Saint Vladimir’s Seminary Professor Dr. Peter Bouteneff traveled to Estonia for a unique experience, spending ten days in residency at Arvo Pärt Centre in the village of Laulasmaa from November 21-30, 2019.
“This residency was a period of retreat for me, an immersion into the music and world of Pärt which is so endlessly meaningful to me,” said Bouteneff. “It gave me the opportunity to work in silence, with a view to the great Estonian forest that surrounds the building. And then I could poke my head out of my study room and get into a conversation with one of the Centre’s staff, a visitor, or even with the composer himself.”

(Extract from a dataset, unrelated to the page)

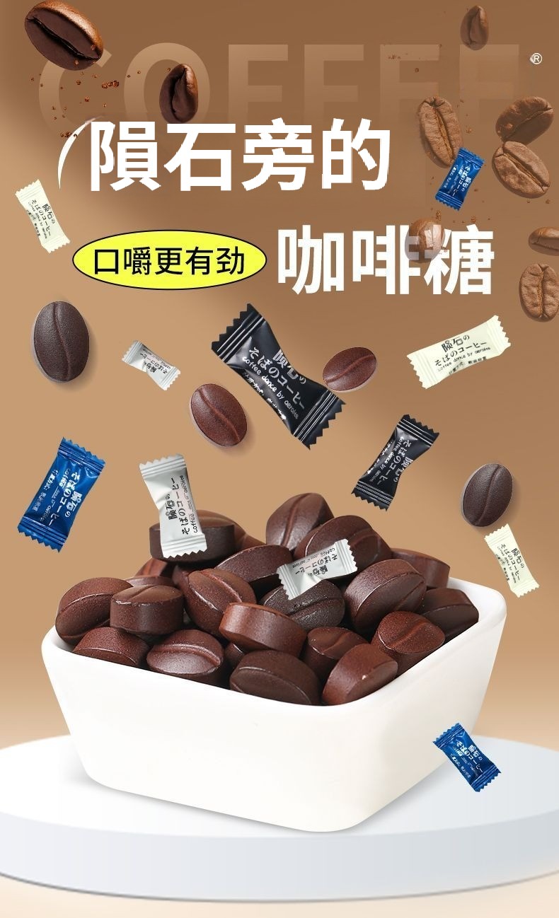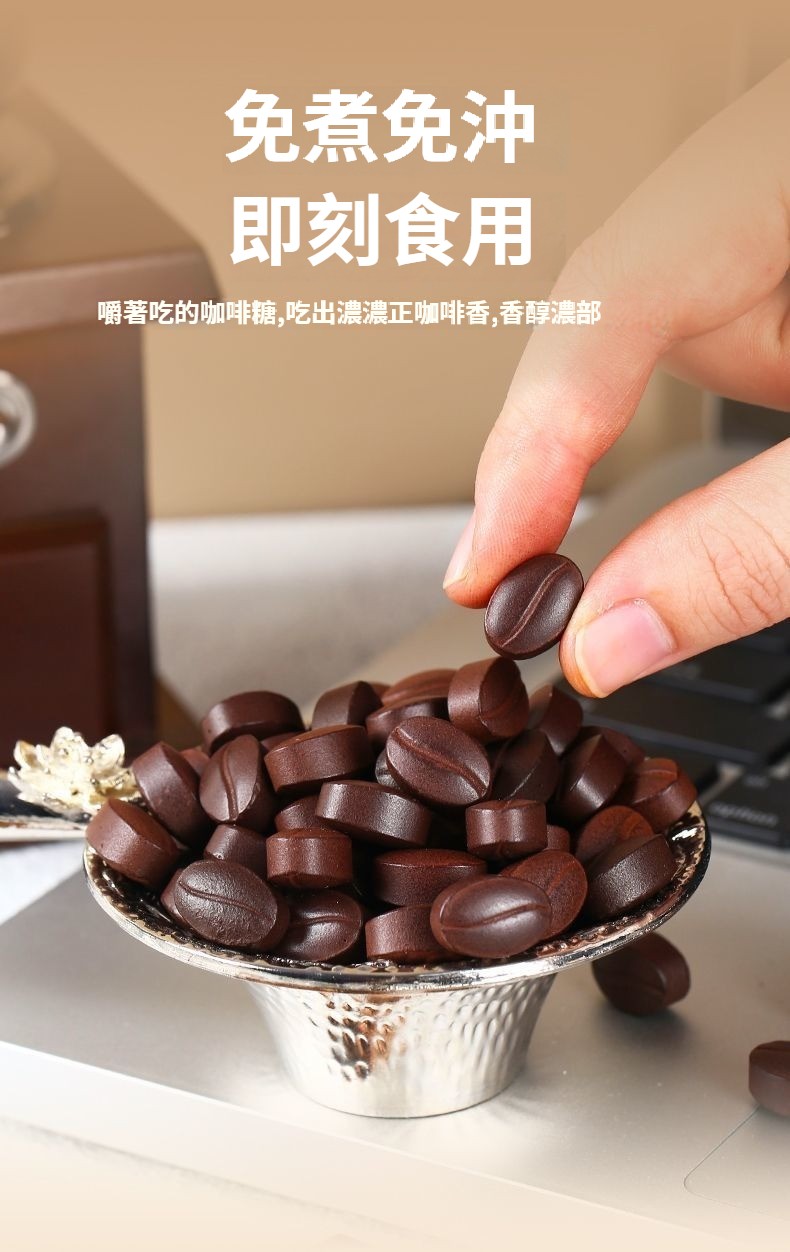 隕石旁的咖啡糖即食黑咖啡豆糖學生上課隨身攜帶可嚼防犯困硬糖果

Bouteneff serves on the Arvo Pärt Centre’s Board of Artistic Advisors and is the director of St. Vladimir’s Seminary’s Arvo Pärt Project, which he co-founded together with former faculty member Nicholas Reeves in 2011. Since then, Pärt’s spiritual roots in Orthodox Christianity have inspired the Seminary to produce high-profile concerts, essays and books, and cross-disciplinary panel discussions.
In 2015, the Seminary signed a concordat with the Arvo Pärt Centre for continued cooperation between the Centre and St. Vladimir’s, above all in the fields of arts and theology, in mutual counseling, and in joint academic activities. Since the opening of the Centre in 2018, which Bouteneff and Seminary President Fr. Chad Hatfield attended, it has welcomed upwards of 33,000 visitors.
Professor Bouteneff said the timing of his recent stay at the Centre made it even more meaningful for him.
“It was a special joy to be there during the days that Archimandrite Sophrony of Essex was canonized a saint,” he said. “Arvo Pärt and I first met in 1990 at Fr. Sophrony’s monastery. Sophrony and St. Silouan the Athonite have been a profound influence on Pärt’s life and music, and the chapel at the heart of the Pärt Centre was immediately dedicated in the name of St. Sophrony.”
Bouteneff’s residency concluded with a public lecture in the Centre’s auditorium entitled, “Music as translation: The movement from text to reception in Arvo Pärt’s music.” The lecture explored the relationship between the sacred texts that Pärt sets to music, and the profound spiritual power that the music has over its vastly diverse audience.